Start of Block
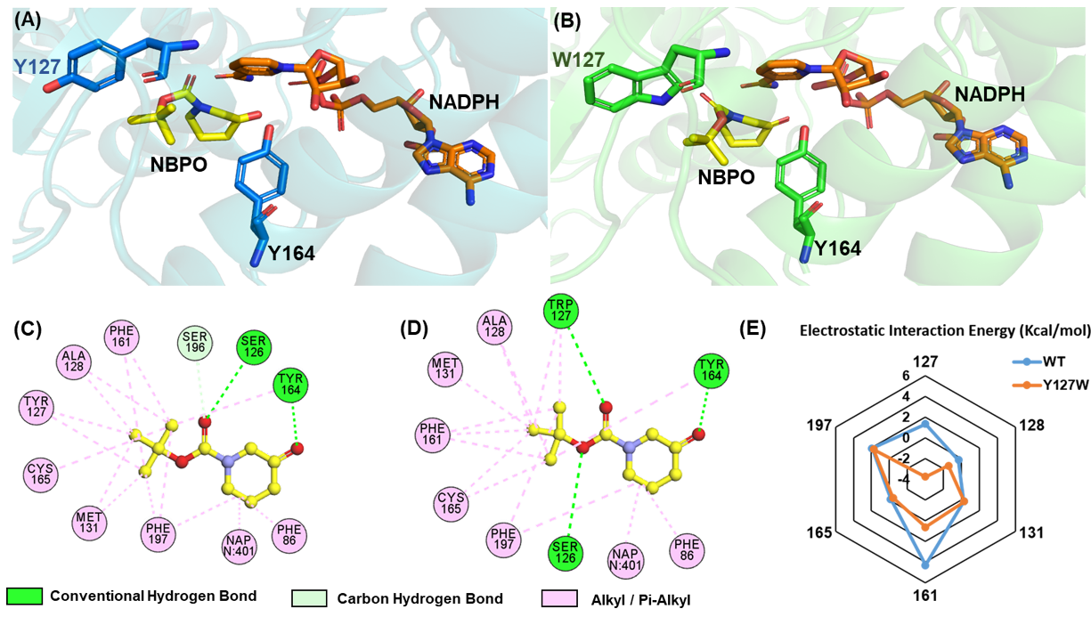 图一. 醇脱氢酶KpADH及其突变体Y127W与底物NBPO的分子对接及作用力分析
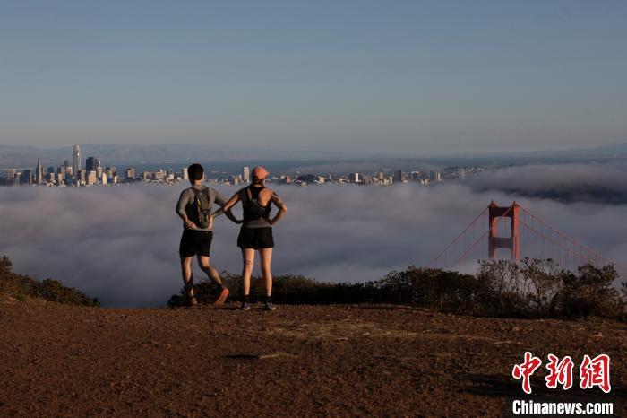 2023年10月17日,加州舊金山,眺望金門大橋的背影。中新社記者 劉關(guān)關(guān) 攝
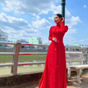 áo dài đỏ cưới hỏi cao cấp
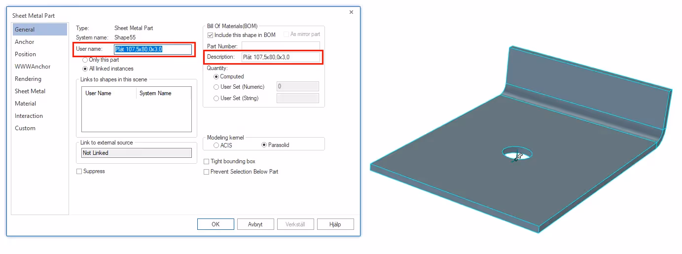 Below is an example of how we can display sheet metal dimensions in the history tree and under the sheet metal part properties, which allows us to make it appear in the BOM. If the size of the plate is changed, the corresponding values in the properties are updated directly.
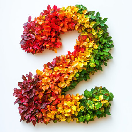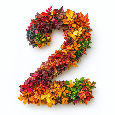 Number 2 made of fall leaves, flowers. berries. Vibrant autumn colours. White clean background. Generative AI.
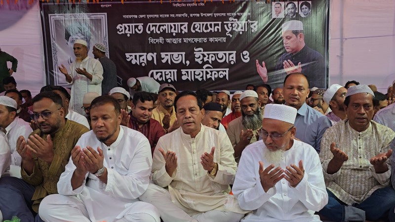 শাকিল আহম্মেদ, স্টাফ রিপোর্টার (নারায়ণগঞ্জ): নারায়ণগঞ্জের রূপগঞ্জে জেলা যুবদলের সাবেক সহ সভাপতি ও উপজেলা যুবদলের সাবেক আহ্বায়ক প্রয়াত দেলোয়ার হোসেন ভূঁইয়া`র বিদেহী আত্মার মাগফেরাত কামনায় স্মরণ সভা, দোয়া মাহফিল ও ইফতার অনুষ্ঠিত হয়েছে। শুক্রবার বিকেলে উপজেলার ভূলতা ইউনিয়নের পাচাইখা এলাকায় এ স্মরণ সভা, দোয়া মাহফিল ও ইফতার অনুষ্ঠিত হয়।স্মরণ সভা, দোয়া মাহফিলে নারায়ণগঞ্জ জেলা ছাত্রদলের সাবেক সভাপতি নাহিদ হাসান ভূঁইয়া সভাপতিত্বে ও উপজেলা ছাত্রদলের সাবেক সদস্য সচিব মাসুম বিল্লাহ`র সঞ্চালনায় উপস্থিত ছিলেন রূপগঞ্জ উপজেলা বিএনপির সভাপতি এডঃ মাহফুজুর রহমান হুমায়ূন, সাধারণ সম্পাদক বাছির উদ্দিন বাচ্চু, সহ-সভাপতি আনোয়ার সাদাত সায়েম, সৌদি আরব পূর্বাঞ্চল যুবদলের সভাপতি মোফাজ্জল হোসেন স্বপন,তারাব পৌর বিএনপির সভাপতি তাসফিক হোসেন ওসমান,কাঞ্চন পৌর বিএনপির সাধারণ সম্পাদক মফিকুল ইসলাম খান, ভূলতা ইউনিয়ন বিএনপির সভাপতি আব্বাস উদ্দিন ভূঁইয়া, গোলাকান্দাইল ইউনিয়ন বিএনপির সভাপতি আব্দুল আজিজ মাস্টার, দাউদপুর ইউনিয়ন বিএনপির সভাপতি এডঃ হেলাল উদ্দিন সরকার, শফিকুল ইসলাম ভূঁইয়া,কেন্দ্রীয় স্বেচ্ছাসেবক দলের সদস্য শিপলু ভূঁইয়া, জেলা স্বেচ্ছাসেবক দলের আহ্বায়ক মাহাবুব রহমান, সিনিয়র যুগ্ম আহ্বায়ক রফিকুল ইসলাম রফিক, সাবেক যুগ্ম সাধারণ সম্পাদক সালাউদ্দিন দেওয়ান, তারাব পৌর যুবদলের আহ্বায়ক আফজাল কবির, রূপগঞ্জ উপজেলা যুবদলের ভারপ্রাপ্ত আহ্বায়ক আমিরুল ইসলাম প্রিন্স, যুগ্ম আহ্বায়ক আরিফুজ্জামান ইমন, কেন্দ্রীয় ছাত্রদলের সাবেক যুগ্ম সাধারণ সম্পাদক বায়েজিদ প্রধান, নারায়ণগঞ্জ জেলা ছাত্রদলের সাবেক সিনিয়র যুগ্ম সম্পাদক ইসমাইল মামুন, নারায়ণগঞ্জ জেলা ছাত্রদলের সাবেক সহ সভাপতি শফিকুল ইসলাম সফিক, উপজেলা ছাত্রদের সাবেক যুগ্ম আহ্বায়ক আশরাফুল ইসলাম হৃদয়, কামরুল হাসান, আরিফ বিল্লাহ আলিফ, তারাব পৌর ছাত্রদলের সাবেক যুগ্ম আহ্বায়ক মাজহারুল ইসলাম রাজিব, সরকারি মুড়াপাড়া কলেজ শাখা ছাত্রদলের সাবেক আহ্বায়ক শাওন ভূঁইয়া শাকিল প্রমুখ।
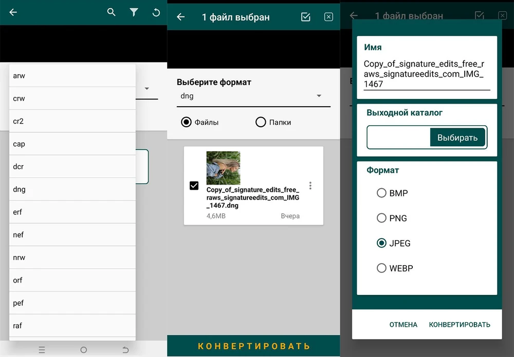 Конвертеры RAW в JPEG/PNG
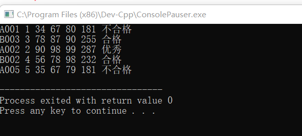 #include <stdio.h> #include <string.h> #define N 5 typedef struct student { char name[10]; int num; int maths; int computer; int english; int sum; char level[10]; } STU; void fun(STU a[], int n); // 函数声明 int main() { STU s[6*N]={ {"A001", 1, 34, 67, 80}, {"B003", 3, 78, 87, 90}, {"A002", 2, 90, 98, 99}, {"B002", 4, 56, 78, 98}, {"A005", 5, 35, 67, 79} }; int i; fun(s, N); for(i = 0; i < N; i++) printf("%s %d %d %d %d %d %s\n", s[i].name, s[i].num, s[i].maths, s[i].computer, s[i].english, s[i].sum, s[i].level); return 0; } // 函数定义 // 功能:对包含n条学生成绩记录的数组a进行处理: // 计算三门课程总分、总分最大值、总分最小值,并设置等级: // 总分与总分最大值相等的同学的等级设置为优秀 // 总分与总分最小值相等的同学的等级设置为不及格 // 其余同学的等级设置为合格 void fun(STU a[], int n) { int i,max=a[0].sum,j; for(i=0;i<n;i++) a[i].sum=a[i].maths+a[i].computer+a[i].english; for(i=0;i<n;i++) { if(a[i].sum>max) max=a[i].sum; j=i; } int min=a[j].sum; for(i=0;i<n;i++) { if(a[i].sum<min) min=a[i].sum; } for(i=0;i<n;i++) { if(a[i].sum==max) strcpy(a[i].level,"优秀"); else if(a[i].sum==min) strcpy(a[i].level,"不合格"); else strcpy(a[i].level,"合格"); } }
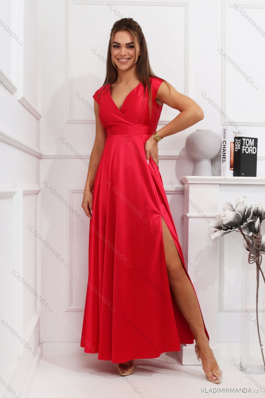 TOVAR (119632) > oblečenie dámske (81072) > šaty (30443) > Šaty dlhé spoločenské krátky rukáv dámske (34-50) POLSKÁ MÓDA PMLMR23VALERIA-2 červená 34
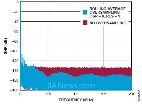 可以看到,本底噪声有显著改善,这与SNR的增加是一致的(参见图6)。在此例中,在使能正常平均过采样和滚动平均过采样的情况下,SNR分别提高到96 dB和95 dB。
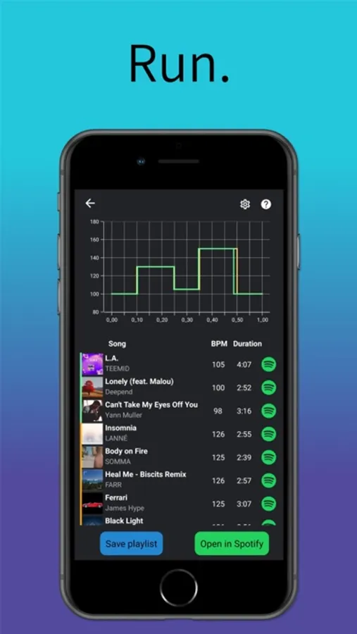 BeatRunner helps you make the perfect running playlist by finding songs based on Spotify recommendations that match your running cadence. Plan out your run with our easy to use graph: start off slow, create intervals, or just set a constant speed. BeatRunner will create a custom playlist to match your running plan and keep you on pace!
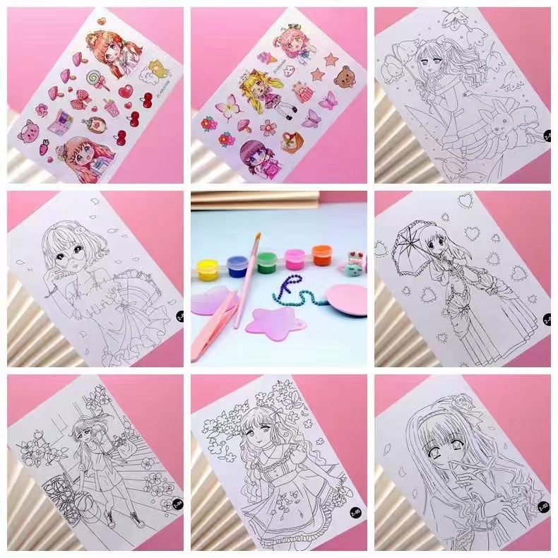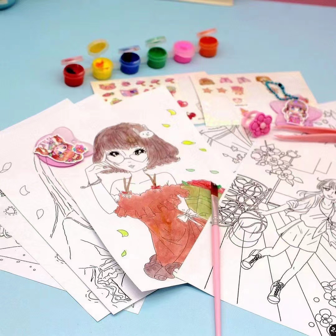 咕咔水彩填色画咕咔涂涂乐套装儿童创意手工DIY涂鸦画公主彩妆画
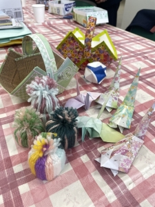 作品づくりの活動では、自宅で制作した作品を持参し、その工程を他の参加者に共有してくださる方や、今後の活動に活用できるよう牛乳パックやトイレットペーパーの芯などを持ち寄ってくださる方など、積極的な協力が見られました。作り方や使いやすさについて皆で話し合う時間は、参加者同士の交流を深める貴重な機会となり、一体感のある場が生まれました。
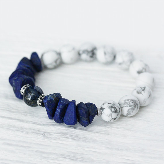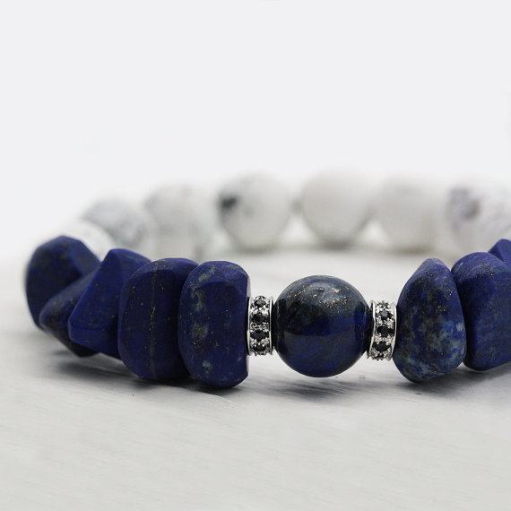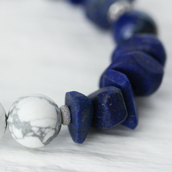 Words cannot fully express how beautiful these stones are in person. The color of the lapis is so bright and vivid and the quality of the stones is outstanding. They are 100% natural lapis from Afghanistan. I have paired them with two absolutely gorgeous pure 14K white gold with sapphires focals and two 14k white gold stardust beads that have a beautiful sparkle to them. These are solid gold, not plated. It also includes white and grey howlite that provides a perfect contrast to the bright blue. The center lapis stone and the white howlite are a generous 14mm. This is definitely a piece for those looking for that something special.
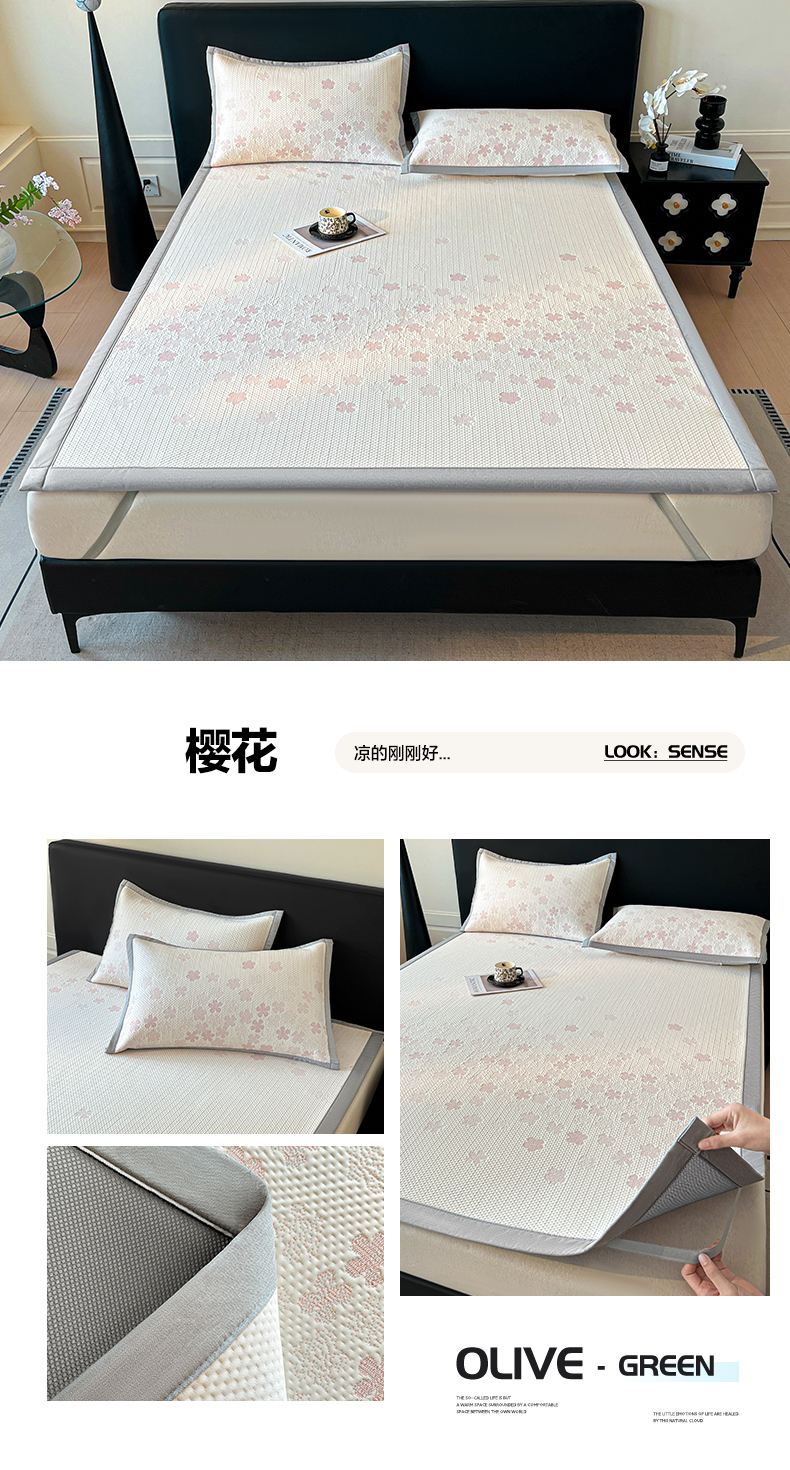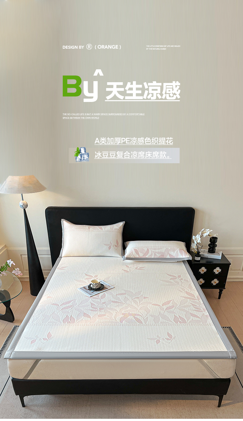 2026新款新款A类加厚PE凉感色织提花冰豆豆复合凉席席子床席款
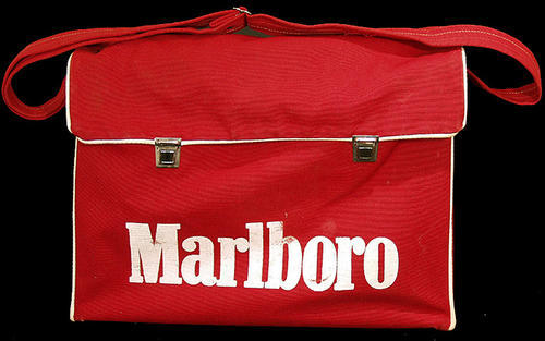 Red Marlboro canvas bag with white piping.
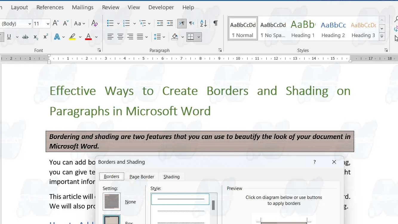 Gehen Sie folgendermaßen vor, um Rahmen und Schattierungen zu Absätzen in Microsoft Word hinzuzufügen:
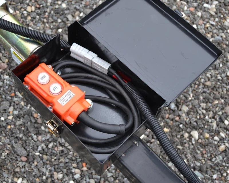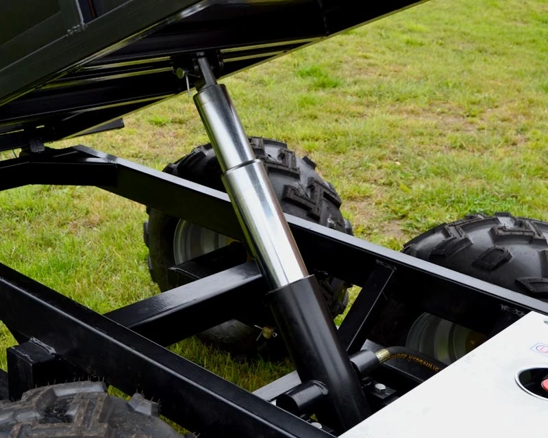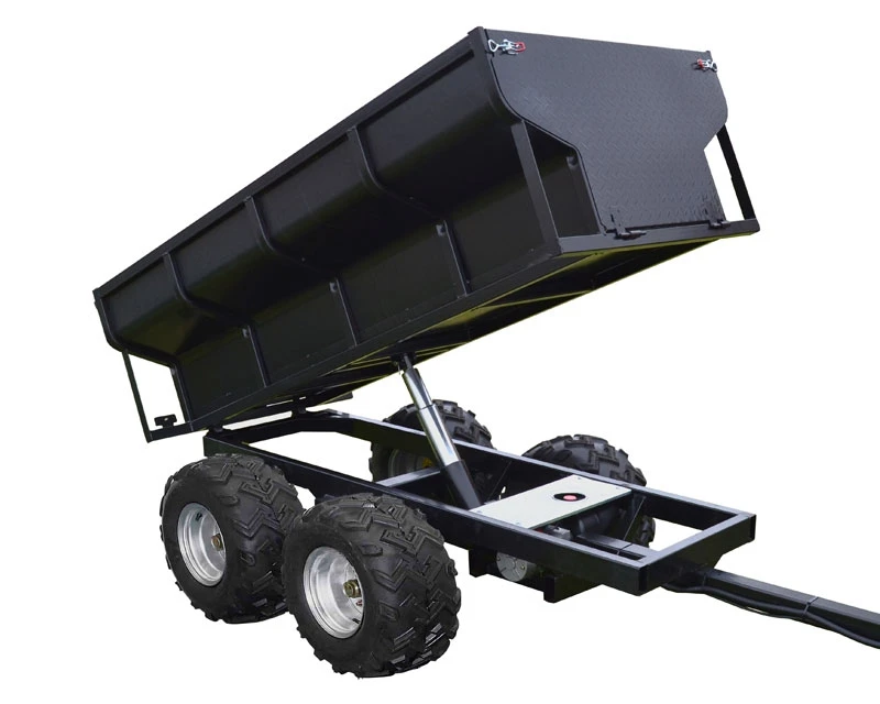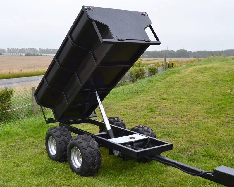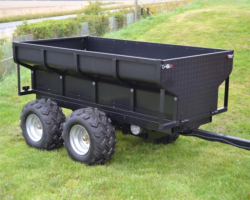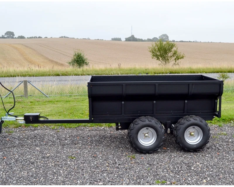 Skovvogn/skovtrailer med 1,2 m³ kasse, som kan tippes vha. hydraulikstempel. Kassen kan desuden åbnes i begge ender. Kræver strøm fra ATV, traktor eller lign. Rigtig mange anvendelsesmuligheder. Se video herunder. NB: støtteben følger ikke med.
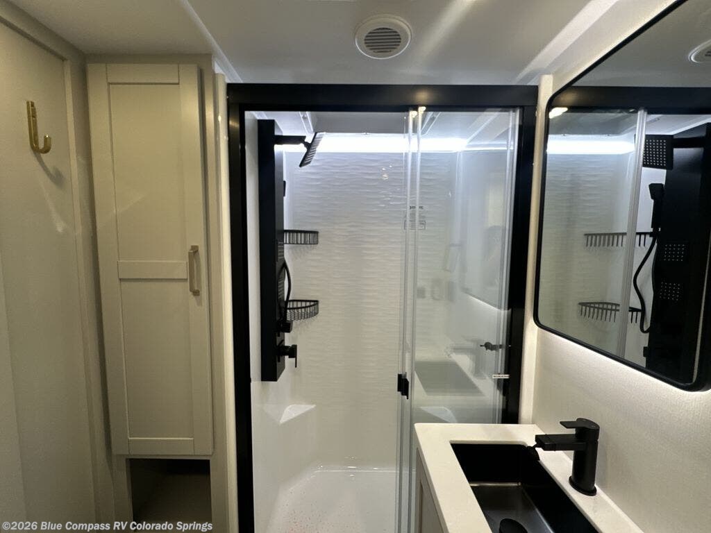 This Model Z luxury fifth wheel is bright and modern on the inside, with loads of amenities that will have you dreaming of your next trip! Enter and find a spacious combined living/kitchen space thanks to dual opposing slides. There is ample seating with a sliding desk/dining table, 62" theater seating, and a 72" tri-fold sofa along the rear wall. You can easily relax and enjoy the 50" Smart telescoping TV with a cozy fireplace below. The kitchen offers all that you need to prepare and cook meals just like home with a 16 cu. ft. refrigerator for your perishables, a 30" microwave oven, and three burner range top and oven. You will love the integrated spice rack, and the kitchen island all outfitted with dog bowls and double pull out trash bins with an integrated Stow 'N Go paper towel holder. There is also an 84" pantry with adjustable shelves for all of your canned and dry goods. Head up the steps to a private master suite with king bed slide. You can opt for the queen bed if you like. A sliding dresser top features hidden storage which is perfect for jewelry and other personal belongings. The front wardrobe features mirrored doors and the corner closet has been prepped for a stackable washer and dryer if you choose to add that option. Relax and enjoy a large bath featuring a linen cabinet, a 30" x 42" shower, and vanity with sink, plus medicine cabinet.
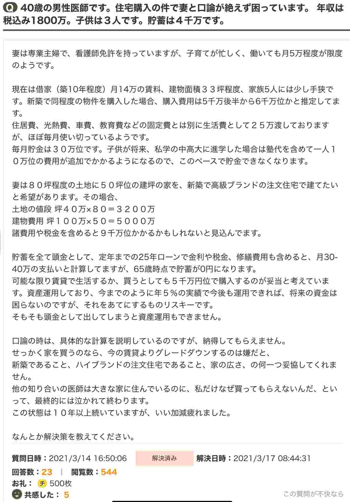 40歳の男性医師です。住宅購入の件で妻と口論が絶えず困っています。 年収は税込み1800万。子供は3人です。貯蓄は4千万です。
End of Block
### What is needed
The response should consist of the lines above from the first through the one containing "áo dài đỏ cưới hỏi cao cấp", transcribed exactly, with every picture left out.

### Answer section
 图一. 醇脱氢酶KpADH及其突变体Y127W与底物NBPO的分子对接及作用力分析
 2023年10月17日,加州舊金山,眺望金門大橋的背影。中新社記者 劉關(guān)關(guān) 攝
 áo dài đỏ cưới hỏi cao cấp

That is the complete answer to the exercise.